So you have moved away from adding the same navigation HTML on each of your static pages and realised you were able to place all the navigation code in one single include file and include that in each of your pages. e.g.
<!--?php include "includes/navigation.php" ?-->
If you haven’t already I would recommend this, because when it comes to altering navigation links, title tags, anchor text, it is a lot quicker to modify the one file, especially if your website is getting bigger and bigger.

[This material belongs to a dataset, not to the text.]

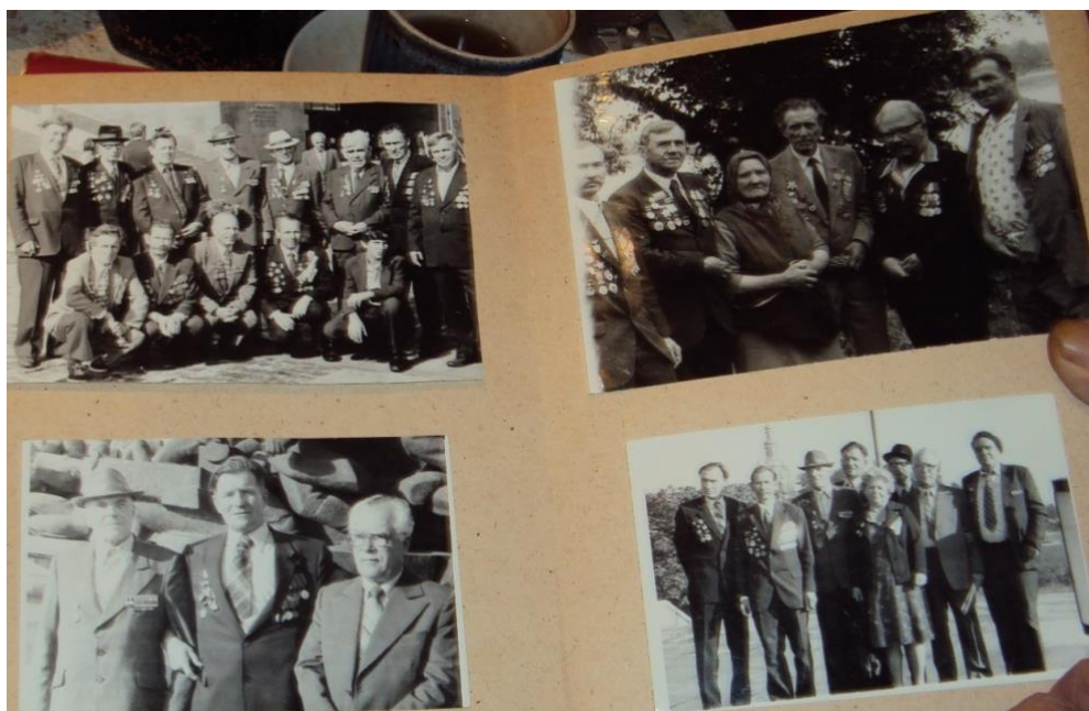
Фото 5. Страницы семейного альбома Белова У.П.

It makes your working HTML/PHP code a lot tidier and easier to work with.
But you have hit a problem, you wish to highlight to the user which page they are on when they select a link, it used to work when the navigation was static, because you placed an “active” class on the current link in each file, but now your navigation is one file, how can it be done?
It’s simple and can be done in a variety of ways.
Method 1:
First you will need to create a PHP variable that gets the current page: lets create one called “page”… e.g.
$page = $_SERVER['SCRIPT_NAME'];
This can be placed above your navigation code in the same file so it is re-declared each time the page loads.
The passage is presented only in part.